Most AI pipelines use one model for everything.
One model plans the task, does the research, writes the answer, and checks its own work. That's like hiring one person to be your strategist, researcher, analyst, and auditor simultaneously. It doesn't scale - and more importantly, the model has no one to disagree with it.
PolyBrain is my answer to that. It's an open-source multi-agent, multi-model orchestration skill for Hermes Agent. You give it an objective, it breaks the work into roles, runs them in parallel where it can, synthesizes the outputs, and verifies every claim against its cited sources before it reaches you.
Here's what that looks like end to end.
The pipeline
Objective -> Orchestrator -> [Researcher 1 + Researcher 2 + Builder] -> Synthesizer -> Verifier -> Final Answer
Five distinct roles. Each one does exactly one thing:
- Orchestrator - reads the objective, decomposes it into a JSON task plan, assigns roles
- Researcher - web search and citations - no uncited claims allowed
- Builder - code, terminal, and file operations
- Synthesizer - merges all outputs into a single coherent deliverable
- Verifier - checks every claim against its source, returns PASS/FAIL per claim
The parallel phase is where the time savings come from. Researcher 1 and Researcher 2 run at the same time. The Synthesizer only fires once both are done. The Verifier runs last.
What makes it different
Different models per role
This is the part most orchestration frameworks don't do.
In config.yaml you assign a different model and provider to each role. Researcher gets a cheaper, faster model. Verifier gets a stronger one. Orchestrator gets whatever you trust most for structured JSON output.
models:
orchestrator: "your-model"
researcher: "your-model"
builder: "your-model"
synthesizer: "your-model"
verifier: "your-model"
fallback: "your-model"
settings:
max_parallel: 3
timeout_sec: 300
You decide what goes where. PolyBrain doesn't prescribe it - because the right answer depends on what you're running, what you're paying, and what you actually trust.
Citation enforcement
Researchers are required to include URLs.
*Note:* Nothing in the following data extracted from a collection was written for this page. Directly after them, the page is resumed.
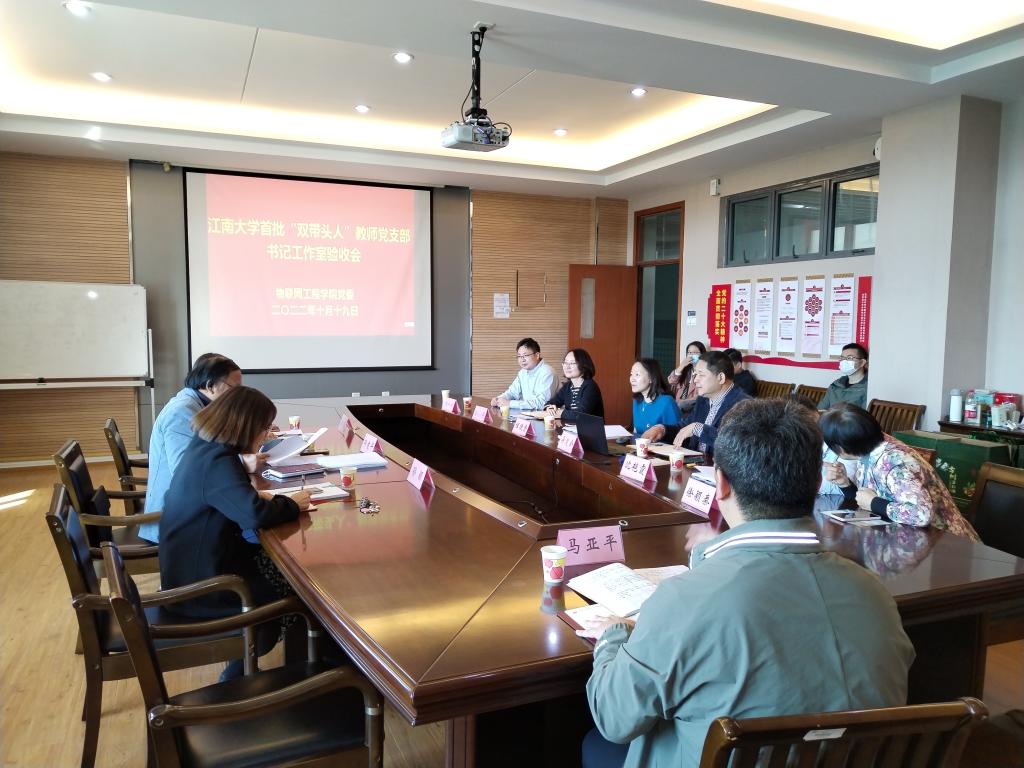 在C317会议室举办了江南大学首批“双带头人”教师党支部工作室验收汇报会。学校考察验收小组第三小组成员设计学院党委书记邱建平,环土学院党委副书记胡娟,医学院专职组织员孙颖出席会议;巅峰国际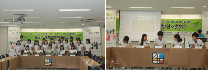 프로그램을 통해 참여 학생들의 마련한 빈곤문제 해결을 위한 구체적인 실천방안을 ‘송도 청소년 세계개발원조총회 선언’으로 작성하여 발표하는 시간도 가졌습니다. 작성된 각 조의 결의안을 모아 만든 최종 결의안은 11월에 있을 부산 세계개발원조총회에 제출할 예정이며, 캠프에 참여한 학생들은 개학 이후 전교생을 대상으로 빈곤퇴치 서명운동을 벌일 계획입니다.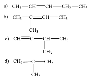 b) Cho biết trong cácchất trên, chất nào là hydrocarbon không no, chất nào là alkene, chất nào là alkyne.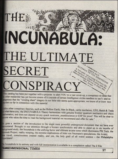 Pojawiła się choćby Ong’s Hat/Incunabula, czyli wielowątkowa opowieść o otwartym zakończeniu poświęcona alternatywnej nauce, teoriach spiskowych, równoległych wymiarach i magii (uczestnicy badali umieszczone w internecie manuskrypty i manifesty, spotykali się i badali „nawiedzone” miejsca). Inny przykład to Publius Enigma, które wywołał szum wokół płyty The Division Bell zespołu Pink Floyd twierdząc, że coś na niej ukryto. Użytkownicy ówczesnej sieci poszukiwali wskazówek, a muzycy dokładali swoje trzy grosze, bowiem podczas koncertów w wybranych momentach pojawiał się napis „Publius Enigma”. Zagadki nigdy publicznie nie rozwiązano i nie wyjaśniono, choć trzy lata po pierwszym poście Publius ogłosił, że tajemnica została ujawniona.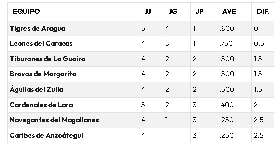 • Águilas del Zulia y Tigres de Aragua se medirán en Maracay (7:00 p. m.).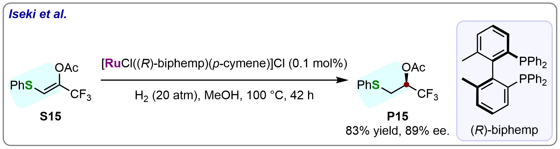 In 2000, Iseki and co-workers successfully employed a Ru-(R)-biphemp catalyst for the asymmetric hydrogenation of a vinyl sulfide (S15) bearing a phenylthiol moiety at the olefinic carbon. This reaction afforded the desired hydrogenated product (P15) in 83% yield with 89% ee (Scheme 15)[77]. This pioneering work marked a significant advance in asymmetric hydrogenation by demonstrating the feasibility of vinyl sulfide hydrogenation. The phenylthiol substituent provided novel insights into achievable stereocontrol, highlighting ruthenium-catalyzed transformations’ potential for selective vinyl sulfide functionalization. Iseki’s study established foundational principles for vinyl sulfide asymmetric hydrogenation while opening avenues for more efficient syntheses of sulfur-containing chiral compounds.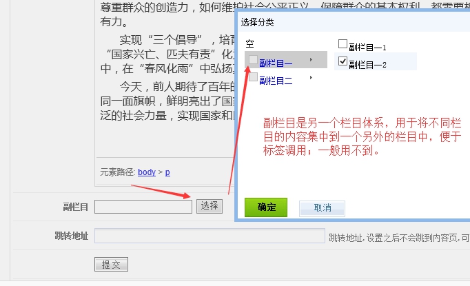 系統中還有一個欄目體系叫副欄目,就是將主欄目不同的內容匯集到一個欄目中,這樣便于標簽調用。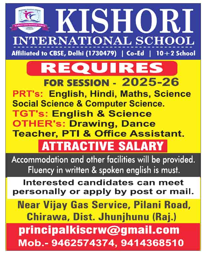 Faculty Recruitment 2025 job notification announced by Kishori International School, Jhunjhunu, Rajasthan for the 2025-2026 academic year. Eligible candidates may apply through Email/Postal.
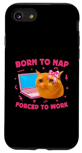 Born to Nap Forced to Work Funny Crying Cat Girl Meme Laptop Coque pour iPhone SE (2020) / 7/8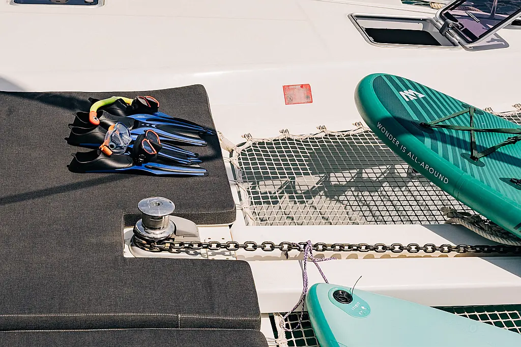 Electric winches, Air condition, Generator, Water maker, Electric toilet, Cockpit speakers, Refrigerator, Cockpit cushions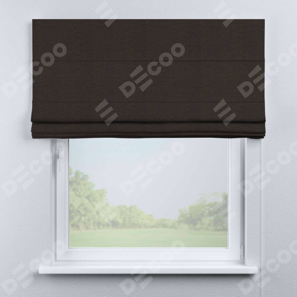 Римская штора производителя «Cortin», используется для проёма, пошита из ткани лён димаут венге, артикул ткани 85410. Имеет универсальный механизм и подходит для монтажа: на потолок, на стену и в нишу.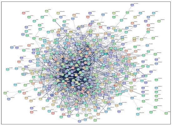 Tool for the Retrieval of Interacting Genes (STRING) version 11.5 was implemented to construct an analysis of direct and indirect PPI networks. STRING is an online database tool (http://string-db.org/, accessed on 25 March 2022) that performs as an access point for interpreting relationships between diverse proteins on a genome-wide scale, which is beneficial for understanding protein interaction functions []. The analysis criteria conditions were human species, gene fusion databases, experiments, co-recurrence, local clustering coefficient 0.44, average node degree 7.59, PPI enrichment p-value < 1.0 × 10−16, and the minimum required interaction score of 0.4.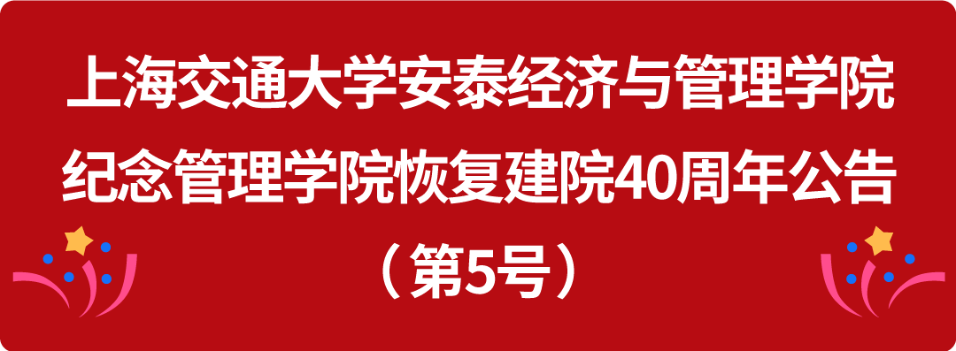 交大安泰經(jīng)管學(xué)院紀(jì)念管理學(xué)院恢復(fù)建院40周年公告(第5號(hào))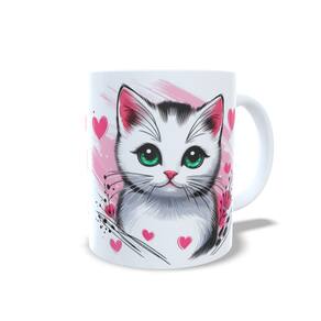 Caneca Cerâmica Personalizada Gato / Gatinho Branco - Modelo 785267

Uncited claims don't make it to the Synthesizer - they're dropped at the source. This isn't a soft suggestion in the prompt. It's structural: the Verifier checks each surviving claim against its cited source and returns a verdict.
In the example run below, the Verifier caught a real data discrepancy in Azure revenue figures. That's the point - you want something that pushes back.
Artifact logging
Every run saves a timestamped folder:
.hermes/plans/polybrain/20260528_191548/
├── orchestrator.json
├── task_t1.md
├── task_t2.md
├── synthesis.md
└── verification.md
You can audit exactly what each role produced and why the final answer looks the way it does.
A real example
Objective: "Create a market brief on Apple with three bullets on revenue trends and two competitors."
The Orchestrator decomposes this into four tasks - two parallel researchers, a synthesizer, a verifier.
t1 (Researcher) - revenue trends - pulls from SEC filings and Apple Newsroom. Returns three years of top-line figures ($383.3B -> $391.0B - $416.2B) with a source URL for each.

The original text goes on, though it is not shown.